Learn to Play: Carlos Santana's Searing Woodstock-Era Leads

Carlos Santana (1969). Photo by: Tucker Ransom / Stringer. Getty Images.

Carlos Santana is a true guitar legend with an instantly recognizable style. A combination of tone, technique, and taste are the key ingredients to Santana's fluent and melodic approach. Carlos possesses a distinct voice derived from elements of blues, jazz, rock, and Latin music.

Carlos is most associated with Paul Reed Smith guitars and Mesa-Boogie amplifiers, but for this lesson I focused on the Woodstock era of Santana. Around the late 1960s into the early 1970s, Santana created his searing solos with a Gibson SG Special and, oddly enough, a solid-state Gallien-Krueger. Carlos also used Fender Twins around this time, before eventually switching to Mesa-Boogies later in his career.

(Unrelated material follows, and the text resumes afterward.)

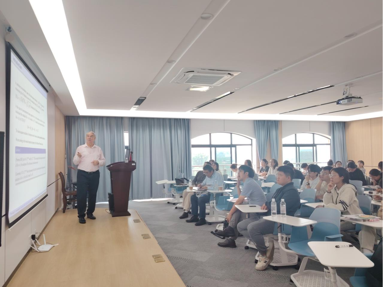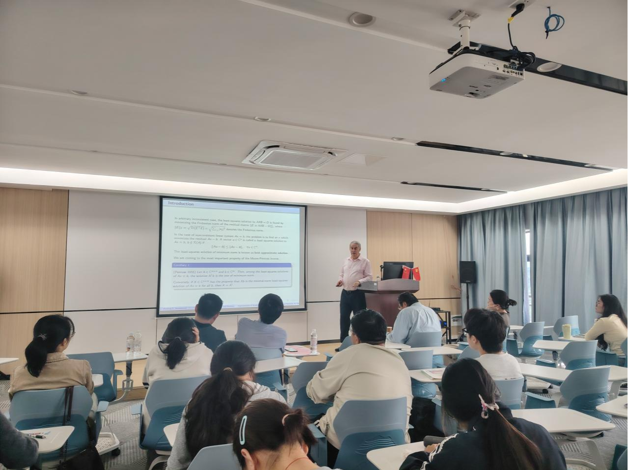 11月8日,應(yīng)廣西應(yīng)用數(shù)學(xué)中心(南寧師范大學(xué))的邀請(qǐng),塞爾維亞尼斯大學(xué)STANIMIROVIC PREDRAG教授為中心骨干成員以及碩士研究生做了題目為《基于C-積的三階張量特征值計(jì)算》的學(xué)術(shù)報(bào)告,報(bào)告由數(shù)學(xué)與統(tǒng)計(jì)學(xué)院劉利斌副院長(zhǎng)主持。
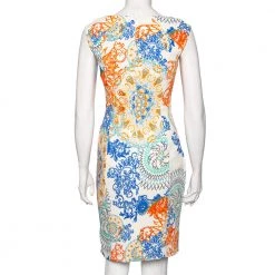 Flaunt your exceptional taste in fashion as you step out wearing this dress from the House of Versace. Designed using multicolored printed crepe fabric, this dress is accentuated with a sleeveless style and a midi length. It is equipped with a zip-type closure. Make an impressive style statement by wearing this!

Santana’s inspired Woodstock performance of the song "Soul Sacrifice" is my template for this lesson above. In this video, I wanted to show how Santana can take a few simple scales like minor pentatonic and the Dorian mode to create interesting melodies. Although I am demonstrating the piece almost note for note, I feel some of these ideas could be transferred into your own playing and used to spice up your own improvisation skills.

Pay special attention to the subtle vibrato and sharp attack of pull-offs that give these riffs a certain edge. Santana is a master of space between notes, creating a sonic tapestry of sound that elevates the song to new levels. You can hear his own personality and voice come through strong on "Soul Sacrifice." Even by just attempting this piece, your eyes will be open to new possibilities.

Plus, soloing over a Latin-style rock groove might force you to try some things you might not of thought of compared to a more typical rock beat. Have fun and remember the key is to take something from the lesson and incorporate it into your own playing.